GOAL OF THE EXERCISE — Quote all lines below exactly. Images stay out.

Data items:
┌──

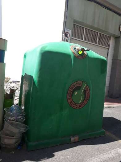 Así lleva mucho tiempo este contenedor situado en Casas Nuevas, en la calle de Galileo Galilei esquina con la La Palma.
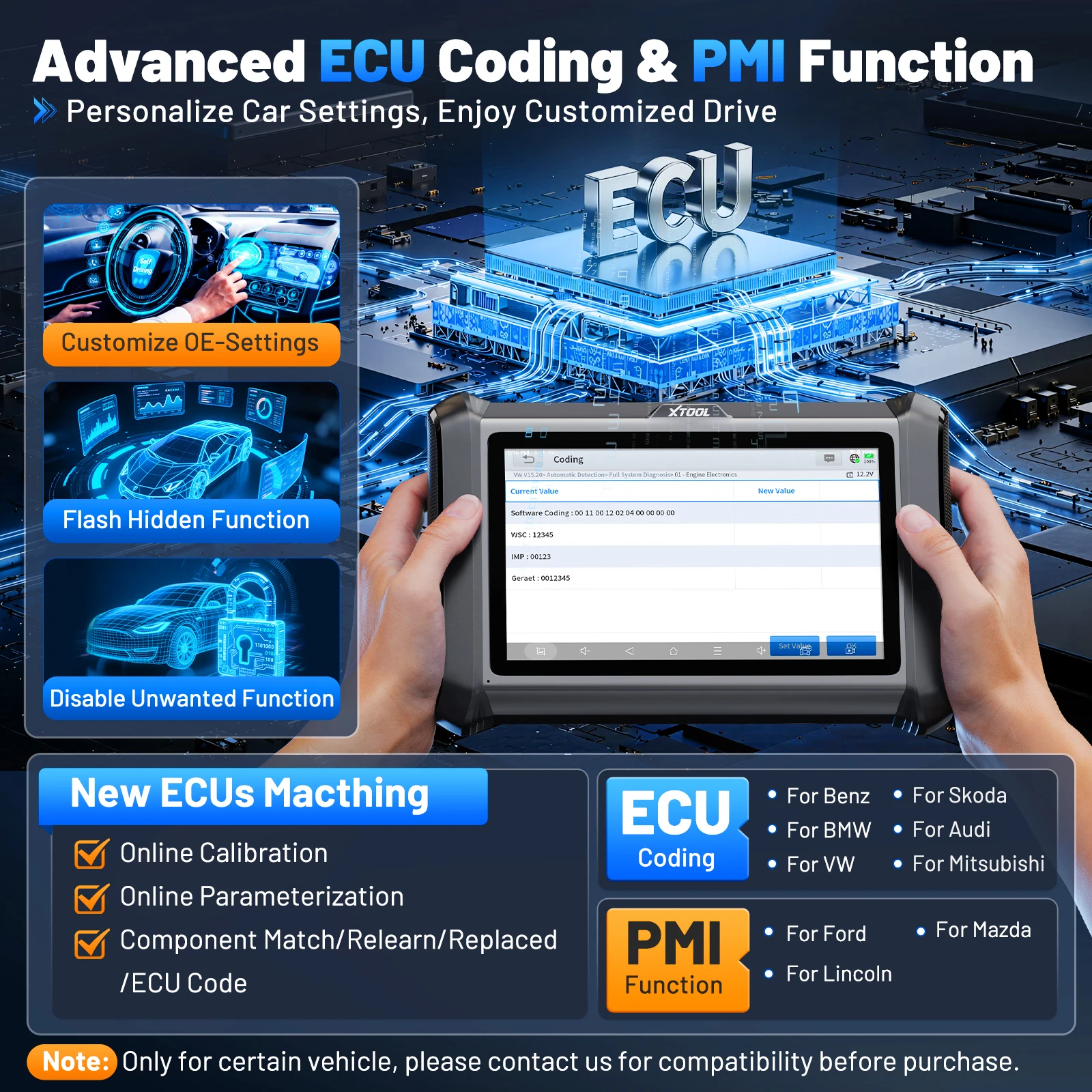أداة تشخيص السيارة XTOOL D7S، تتفوق في ترميز وحدة التحكم الإلكترونية لشركة فولكس فاجن وأودي وسكودا وبنز ولميتسوبيشي سيارات محددة (ليست عالمية).وهو يدعم الترميز دون اتصال بالإنترنت، ومطابقة المكونات، وإعادة ضبط البيانات التكيفية، للمساعدة في تحسين أداء السيارة وتخصيص إعدادات السيارة، ويوفر الحل بعد استبدال الوحدة أو المكونات.
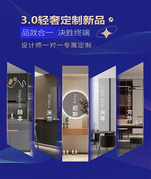 九牧全屋高端定制致力原創設計,將現代時尚與都市輕奢完美交融,攜3.0高定新品套系“光年”“尼斯”“米蘭”“赫本”重磅亮相,引領定制家居未來產品設計,呈現出強大的市場號召力。
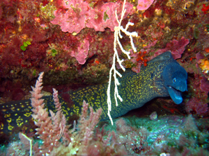 Marc me dépose dans la baie, à l’abri du courant. Après l’expérience du matin et compte tenu de la réputation du canal pour le « gros », je ne fais guère le fier et me colle au récif. J’ai bien indiqué à Marc mon intention de passer la pointe et me laisser emporter par le courant. L’eau est trouble, la visibilité ne dépasse pas les 15 mètres. A peine immergé, un banc de grosses carangues me tourne autour, elles me suivront toute la plongée. Je suis partagé entre l’idée de rejoindre le milieu du canal pour voir le « gros » et celle de rester près du récif pour protéger mes arrières. Alors j’oscille entre les deux au gré de mon courage. La plongée est trop vite terminée. Je remonte avec un goût de trop peu, à refaire au plus vite avec au moins un camarade pour gonfler mon courage.
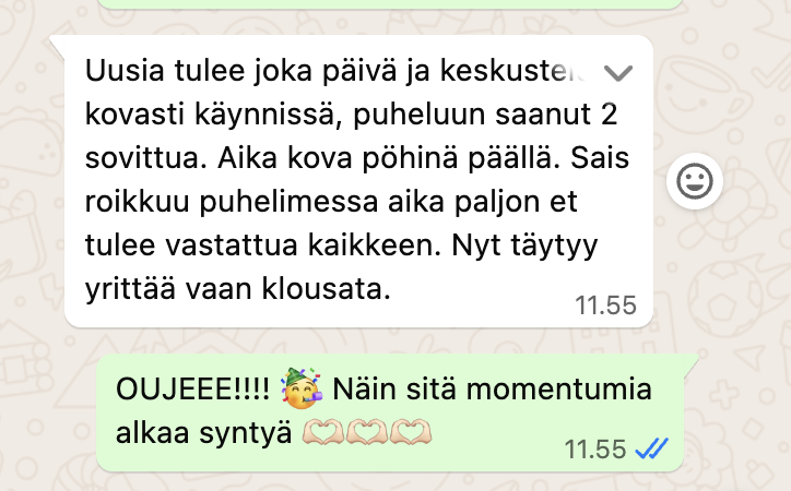 Ehkä sä jo teet myyntiä ja saat asiakkaita silloin kun jaksat hustlata menemään.
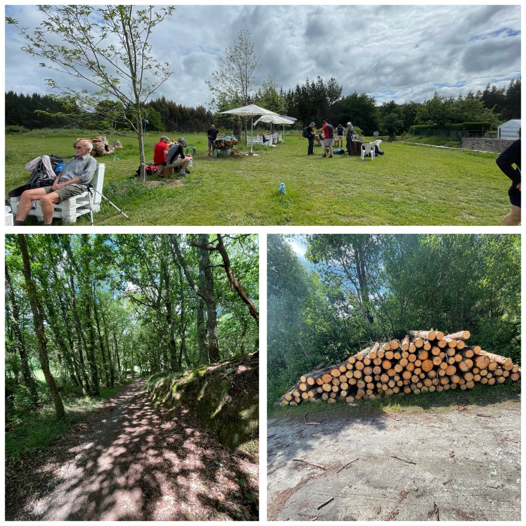 I’m surprised to come across a delightful stone built albergue called Puciña Muñiz with a bar/cafe in a tiny village 15 km from O Cadavo – half way point for me. My knee is already making walking painful and a few kms further on I am pleased to see that an enterprising man has set up a donativo melon station in a field at the side of the road. He is offering melon to all who wish to stop – and there are plenty!

└──

YOUR RESPONSE —
 Así lleva mucho tiempo este contenedor situado en Casas Nuevas, en la calle de Galileo Galilei esquina con la La Palma.
أداة تشخيص السيارة XTOOL D7S، تتفوق في ترميز وحدة التحكم الإلكترونية لشركة فولكس فاجن وأودي وسكودا وبنز ولميتسوبيشي سيارات محددة (ليست عالمية).وهو يدعم الترميز دون اتصال بالإنترنت، ومطابقة المكونات، وإعادة ضبط البيانات التكيفية، للمساعدة في تحسين أداء السيارة وتخصيص إعدادات السيارة، ويوفر الحل بعد استبدال الوحدة أو المكونات.
 九牧全屋高端定制致力原創設計,將現代時尚與都市輕奢完美交融,攜3.0高定新品套系“光年”“尼斯”“米蘭”“赫本”重磅亮相,引領定制家居未來產品設計,呈現出強大的市場號召力。
 Marc me dépose dans la baie, à l’abri du courant. Après l’expérience du matin et compte tenu de la réputation du canal pour le « gros », je ne fais guère le fier et me colle au récif. J’ai bien indiqué à Marc mon intention de passer la pointe et me laisser emporter par le courant. L’eau est trouble, la visibilité ne dépasse pas les 15 mètres. A peine immergé, un banc de grosses carangues me tourne autour, elles me suivront toute la plongée. Je suis partagé entre l’idée de rejoindre le milieu du canal pour voir le « gros » et celle de rester près du récif pour protéger mes arrières. Alors j’oscille entre les deux au gré de mon courage. La plongée est trop vite terminée. Je remonte avec un goût de trop peu, à refaire au plus vite avec au moins un camarade pour gonfler mon courage.
 Ehkä sä jo teet myyntiä ja saat asiakkaita silloin kun jaksat hustlata menemään.
 I’m surprised to come across a delightful stone built albergue called Puciña Muñiz with a bar/cafe in a tiny village 15 km from O Cadavo – half way point for me. My knee is already making walking painful and a few kms further on I am pleased to see that an enterprising man has set up a donativo melon station in a field at the side of the road. He is offering melon to all who wish to stop – and there are plenty!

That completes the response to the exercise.